6.5

Shirley Loses Sight of Its Own Beloved “Lost Girl” Narrative

Movies Reviews Elisabeth Moss
Shirley Loses Sight of Its Own Beloved “Lost Girl” Narrative

The opening scene of Shirley sets the stage for the kind of women we can expect to take us on this strange, seductive journey. And even in a time where I’m pretty sure we need to abolish both the police and white people as a whole, I found myself excited by a young white woman named Rose, sometimes called Rosie (Odessa Young). Riding the train. Engrossed in a New Yorker story called “The Lottery.” She gets to the ending, and breathlessly tells her husband Fred (Logan Lerman) how it went down. How a woman was stoned to death by an entire town … and her own children, too. Her husband is repulsed, and because Rose is a gorgeous white woman with a stunning red lip, and those sweet, wavy 1950s curls, we expect her to be repulsed as well.

But she’s not. She’s fascinated, thrilled, horrified … and turned on. ‘Okay,’ I thought to myself, as Rosie, high off Shirley Jackson’s haunting story, fucks her husband in the train bathroom. “You got me. I’m in.”
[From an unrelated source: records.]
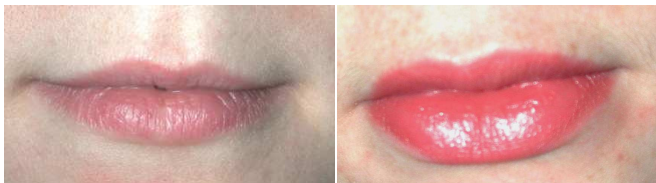
15 days before the test D15 - 10min. after application

Improvement in the condition of the lips' mucous membrane as observed by participants (X01AR012)
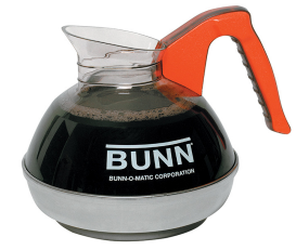
EASY POUR,(ORN) 6/CS
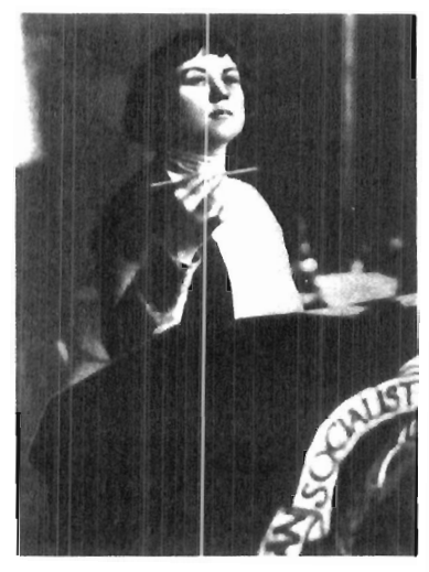
Speal ing at the 2nd International Conference of Communist Women, June 1921
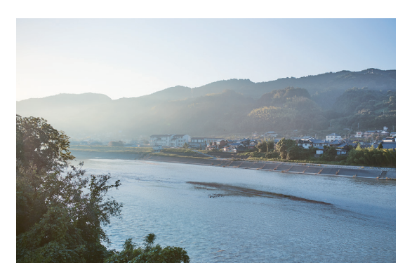
The river Kii which flows at the foot of the mountain. It is being used to transport the woods since long time ago.

Standing in the Japanese Cypress forest, a cool breeze brings out the fragrance of wood that makes one feel refreshed and calm. The northern part of Wakayama, at the foot of Koyasan. Located in the center of Kii Peninsula, a place where nature and human coexists, and a rich ecosystem with many trees preserved. One of the reason is through the hands of human. In this region, Japanese cedar and cypress have been planted for more than 100 years ago. With adequate sunlight and breeze between trees, thick and straight trees which can be used as building materials are cultivated through dense planting and periodic thinning. Using the timber from the forest thinning or curved wood which cannot be sold to the market, "Essential oil - Hinoki" is made.
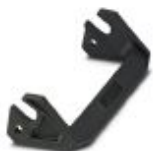
Single locking latch for B24 housing, HC-EVO....AL and HC-STA....AL

Replacement part - HC-STA-B24-SL-PLBK - 1412885
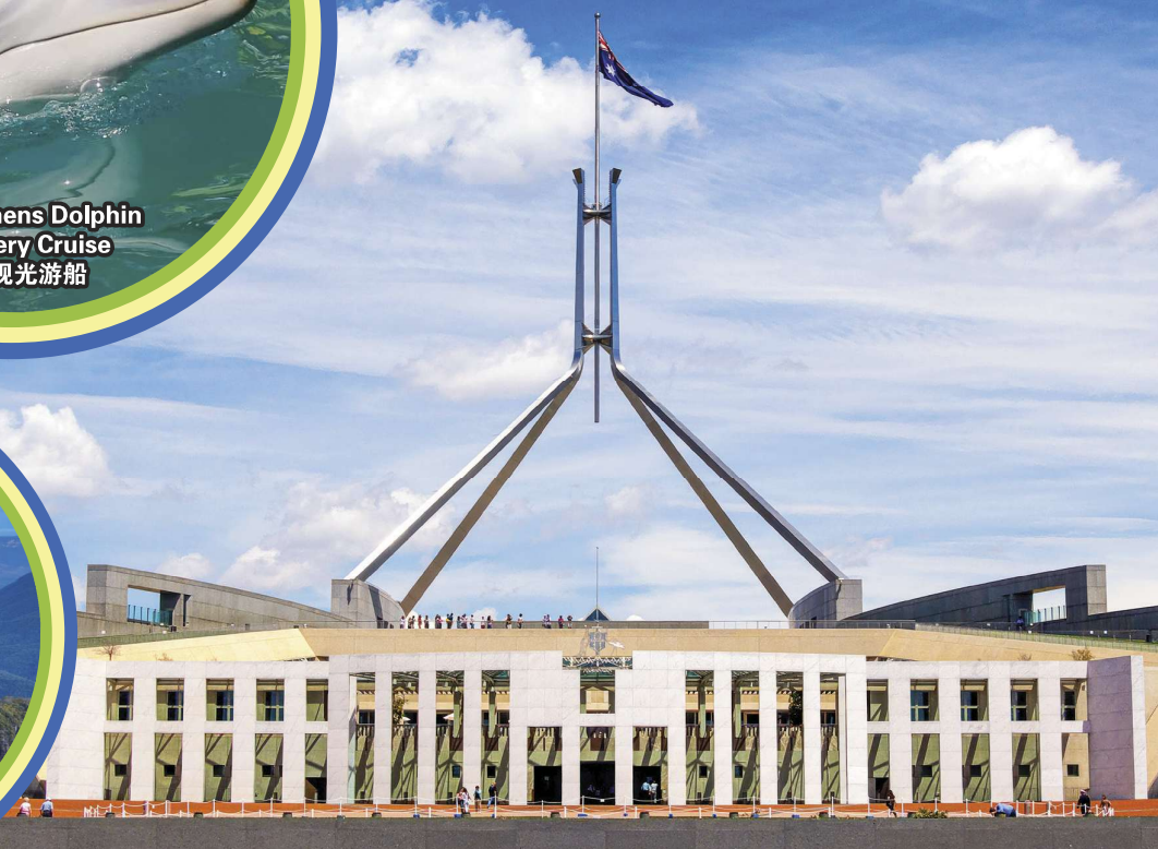
Australian Parliament House 澳洲国会大厦
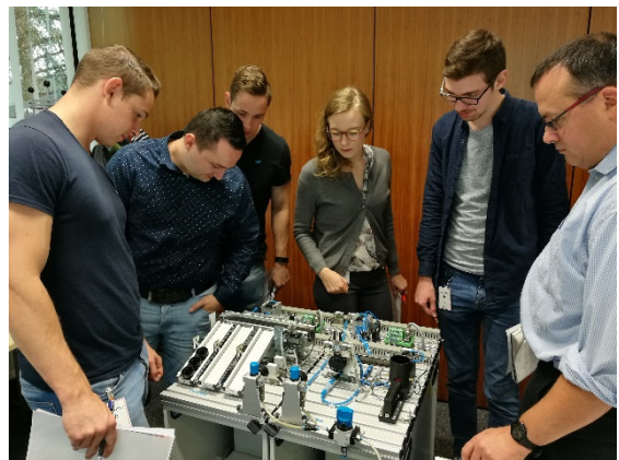
Pic. 4: Machine simulation, Day 3 (09.10.19)
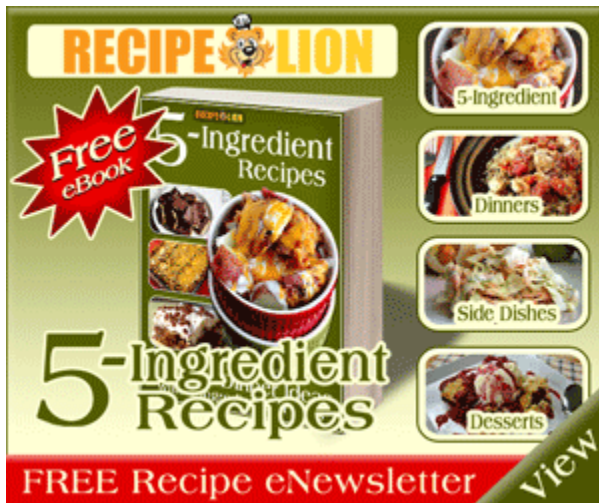
5 Super Easy Recipes

And I was still in, as I’m sure you were, when we, along with Rose and her husband, make it to the home of horror author Shirley Jackson (Elisabeth Moss), where Jackson and her husband, Stanley (Michael Stuhlbargh, incredible as always), are holding court and celebrating the author’s latest work. Moss’s performance doesn’t always land perfectly in Shirley, but as a duo, she and Stuhlbarg are engaging to watch. It’s even more true for the duo of Shirley and Rose, who meet at the party, where Rose introduces herself as the wife of Stanley’s new assistant. Shirley, a curmudgeon disinterested in all manner of small talk, and seemingly unimpressed with anyone in her fanbase, tries to wave her off. But Rose won’t have it; she’s not like the other girls, the other casual fans of Shirley’s work. (And after that opening scene, we believe her.) She’s different, she promises Shirley. It’s a promise made by the film, too. And it’s a promise that isn’t completely honored.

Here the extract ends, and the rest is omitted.